Le secrétaire général du Conseil de l’Europe, Daniel Tarschys, a estimé que le clonage d’êtres humains était «inacceptable» et qu’il devait être interdit conformément aux principes de la Convention européenne sur les droits de l’homme et la biomédecine.
Cette convention est le premier texte international contraignant destiné à protéger l’être humain contre d’éventuelles utilisations abusives des techniques biologiques et médicales. Ce texte sera proposé à la signature des 40 pays membres du Conseil le 4 avril.
Gare à l’erreur
Le directeur général de l’UNESCO, l’Espagnol Federico Mayor Zaragoza, a estimé que le clonage «ne devait pas être appliqué à l’espèce humaine» car ce serait aller à l’encontre de «l’éthique la plus élémentaire et du droit naturel».
Mais, dans les colonnes du «Washington Post», le commentateur James Glassman répond que «tenter d’arrêter le progrès intellectuel, sous quelque forme que ce soit, est une erreur terrible». De toute façon, écrit-il, «l’Etat n’est plus assez puissant pour contrôler les créations et les formes d’expression de l’esprit humain».
Le théologien américain Nigel Cameron, spécialiste de la bioéthique à la Trinity International University de Deerfield (Illinois), note de son côté qu’il est «difficile de voir le clonage comme autre chose qu’une dramatique tentative de jouer Dieu».
Justement, rappelle l’éditorialiste du «Wall Street Journal», «n’y a-t-il pas une raison, une bonne raison, pour laquelle Dieu, depuis le Paradis, a fait chacun d’entre nous légèrement différent? Peut-être qu’il essayait de nous dire quelque chose…».
Enfin, dans le quotidien «USA Today», le commentateur Craig Wilson lance une dernière pirouette juridique: «Les meurtres de clones pourraient devenir fréquents. Qu’arrivera-t-il alors? Sera-t-on accusé de meurtre ou de suicide?»
Aliments transgéniques
Les scientifiques énumèrent les avantages potentiels que l’on pourrait tirer du clonage: guérir les animaux atteints de la maladie de la «vache folle», trouver de nouveaux traitements efficaces pour l’hémophilie, amélioration de la production laitière chez le bétail; mais, ajoutent-ils, il ne sera pas possible de tirer profit de tous ces avantages avant des années et des années…
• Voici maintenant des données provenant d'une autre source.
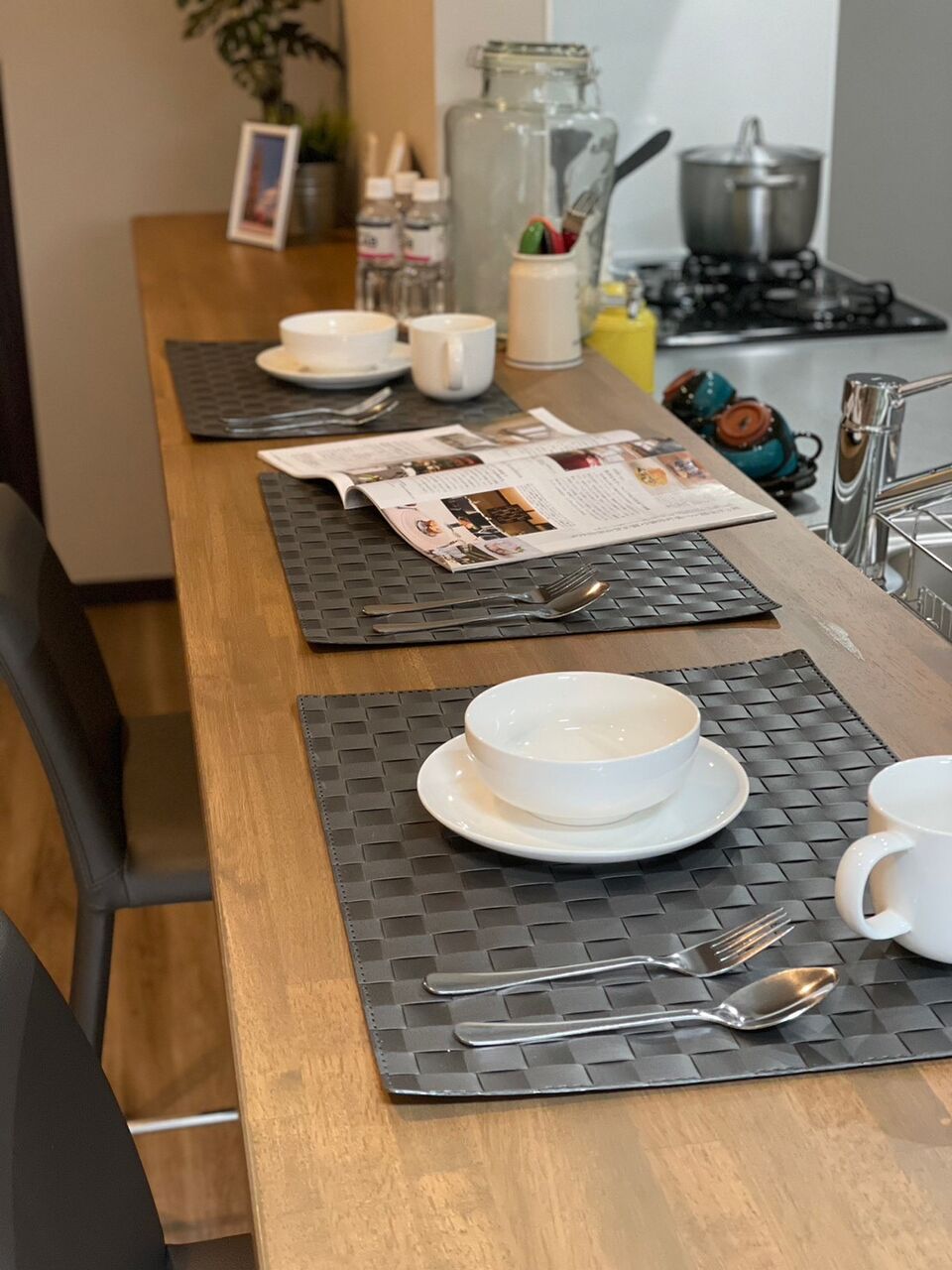 スモーキーなライトグレートーンのクロスに映えています。

Le clonage de «Dolly» intervient sur fond de commercialisation, ça et là en Europe, de maïs ou colza transgénique. L’an dernier, des manifestations ont eu lieu dans plusieurs villes d’Europe contre la commercialisation de soja américain transgénique et son utilisation dans divers produits alimentaires comme le pain ou les glaces.
Une trentaine de militants écologistes de Greenpeace ont occupé à la mi-février un hangar de Saint-Nazaire pour protester contre l’importation de maïs transgénique en France.